As you saw the iron mixed with clay tile,
and the toes partly iron and partly tile,
the kingdom shall be partly strong and partly fragile.
The iron mixed with clay tile
means that they shall seal their alliances by intermarriage,
but they shall not stay united, any more than iron mixes with clay.
In the lifetime of those kings
the God of heaven will set up a kingdom
that shall never be destroyed or delivered up to another people;
rather, it shall break in pieces all these kingdoms
and put an end to them, and it shall stand forever.
That is the meaning of the stone you saw hewn from the mountain
without a hand being put to it,
which broke in pieces the tile, iron, bronze, silver, and gold.
The great God has revealed to the king what shall be in the future;
this is exactly what you dreamed, and its meaning is sure."
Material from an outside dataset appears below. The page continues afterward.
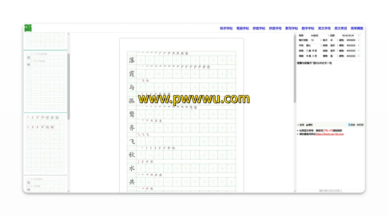 系统除提供标准汉字练习模板外,还包含数字书写、拼音认读、英文单词拼写及数学运算等专项字帖。用户可根据学习需求自由组合内容,灵活调整版式布局,生成个性化练习材料。通过自适应排版技术,字帖内容能自动匹配常见纸张规格,方便直接打印使用。

Responsorial PsalmDANIEL 3:57, 58, 59, 60, 61

R. (59b) Give glory and eternal praise to him.
"Bless the Lord, all you works of the Lord,
praise and exalt him above all forever."
R. Give glory and eternal praise to him.
"Angels of the Lord, bless the Lord,
praise and exalt him above all forever."
R. Give glory and eternal praise to him.
"You heavens, bless the Lord,
praise and exalt him above all forever."
R. Give glory and eternal praise to him.
"All you waters above the heavens, bless the Lord,
praise and exalt him above all forever."
R. Give glory and eternal praise to him.
"All you hosts of the Lord, bless the Lord;
praise and exalt him above all forever."
R. Give glory and eternal praise to him.

AlleluiaRV 2:10C

R. Alleluia, alleluia.
Remain faithful until death,
and I will give you the crown of life.
R. Alleluia, alleluia.

GospelLK 21:5-11

While some people were speaking about
how the temple was adorned with costly stones and votive offerings,
Jesus said, "All that you see here–
the days will come when there will not be left
a stone upon another stone that will not be thrown down."

Then they asked him,
"Teacher, when will this happen?
And what sign will there be when all these things are about to happen?"
He answered,
"See that you not be deceived,
for many will come in my name, saying,
'I am he,' and 'The time has come.'
Do not follow them!
When you hear of wars and insurrections,
do not be terrified; for such things must happen first,
but it will not immediately be the end."
Then he said to them,
"Nation will rise against nation, and kingdom against kingdom.
There will be powerful earthquakes, famines, and plagues
from place to place;
and awesome sights and mighty signs will come from the sky."